As the population of electric vehicles (EVs) grows, coordinating their charging over a finite time horizon will become increasingly important. Recent work established a framework for EV charging coordination where a central node broadcast a price signal that facilitated the tradeoff between the total generation cost and local costs associated with battery degradation and distribution network overloading. This paper considers a completely distributed protocol where the central node is eliminated. Instead, a consensus algorithm is used to fully distribute the price update mechanism. Each EV computes a local price through its estimate of the total EV charging demand, and exchanges this information with its neighbours. A consensus algorithm establishes the average over all the EV-based prices. It is shown that under a reasonable assumption, the price update mechanism is a Krasnoselskij iteration, and this iteration is guaranteed to converge to a fixed point. Furthermore, this iterative process converges to the unique and efficient solution.
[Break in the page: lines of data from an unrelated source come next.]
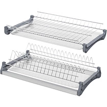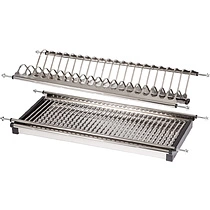В некоторых сушках по желанию нижний ярус можно использовать под тарелки, а верхний под кружки либо же поменять их местами. Cушки могут быть дополнены направляющими для удобного и быстрого выдвижения. В угловом ящике кухонного гарнитура лучше использовать угловую модель сушки.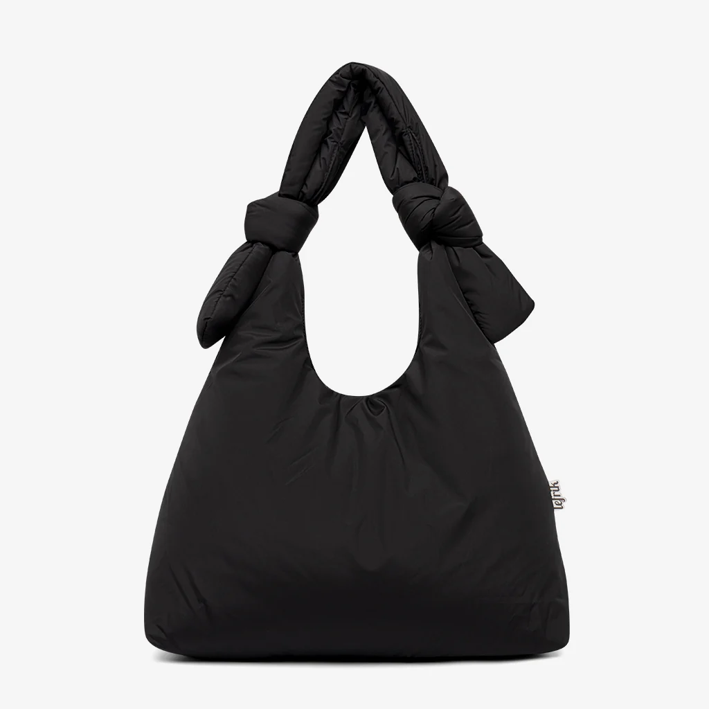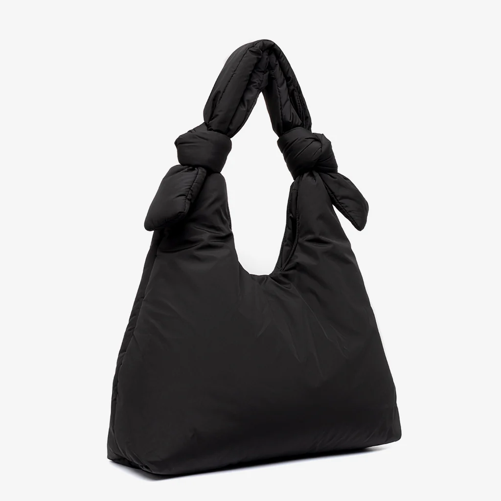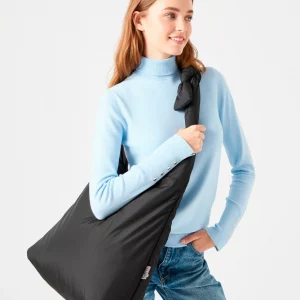 Bolso acolchado diseñado para ser utilizado tanto como bandolera como al hombro, gracias a sus lazos corredizos ajustables. Su tejido 100% hecho con poliéster reciclado y acolchado lo hacen muy ligero, suave y agradable al tacto. Cuenta con un compartimento principal de gran capacidad y un bolsillo con cremallera para objetos importantes o pequeños. Cierre con imán.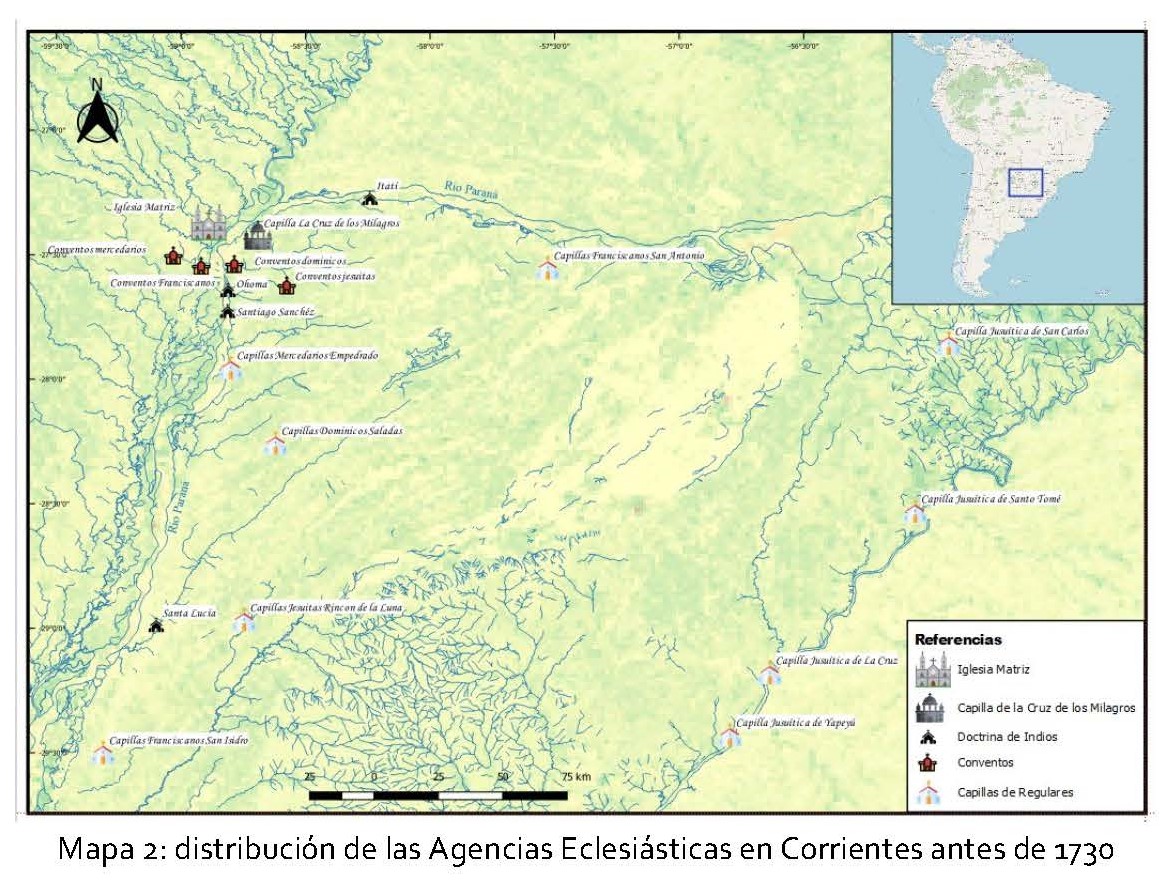 En este artículo, exploraremos el funcionamiento de la región eclesiástica configurada en el territorio de Corrientes, ciudad de la gobernación de Buenos Aires, desde la fundación en 1588 hasta 1810. Este análisis nos permitirá dar cuenta de la red de parroquias, oratorios e iglesias que se constituyeron tras las visitas pastorales y observar cómo las mismas dieron respuestas a los requerimientos de la población local. Más allá de un análisis institucional, nuestro objetivo es visualizar espacialmente cómo convivían agencias eclesiásticas múltiples (informales) y, verificar la permeabilidad y yuxtaposición de las jurisdicciones. De esa forma rastrearemos cómo las capillas u oratorios atendían a fieles, aunque no constituían formalmente una parroquia, y en ese contexto, cómo los franciscanos, mercedarios, jesuitas y dominicos colaboraban en satisfacer las demandas religiosas de la población.

Suli Zou, Ian Hiskens, Zhongjing Ma.  2017.  Decentralized Coordination of Controlled Loads and Transformers in a Hierarchical Structure. IFAC World Congress.
This paper considers the coordination of controlled loads in a framework that loads connect to the distribution network through transformers. Our objective is designing a decentralized control method that can motivate selfish loads to achieve global benefits. We formulate this problem as a hierarchical model. In the lower level, each transformer broadcasts a price signal to the loads connect to it, under which loads implement individual best strategies. While in the upper level, transformers communicate with the distribution network and obtain a price reflecting the system generation cost. Each transformer determines a price including this price and another part reflecting individual characteristics. By proposing a dynamic update algorithm, our results build that the system converges to the unique and efficient solution with fast convergence speed.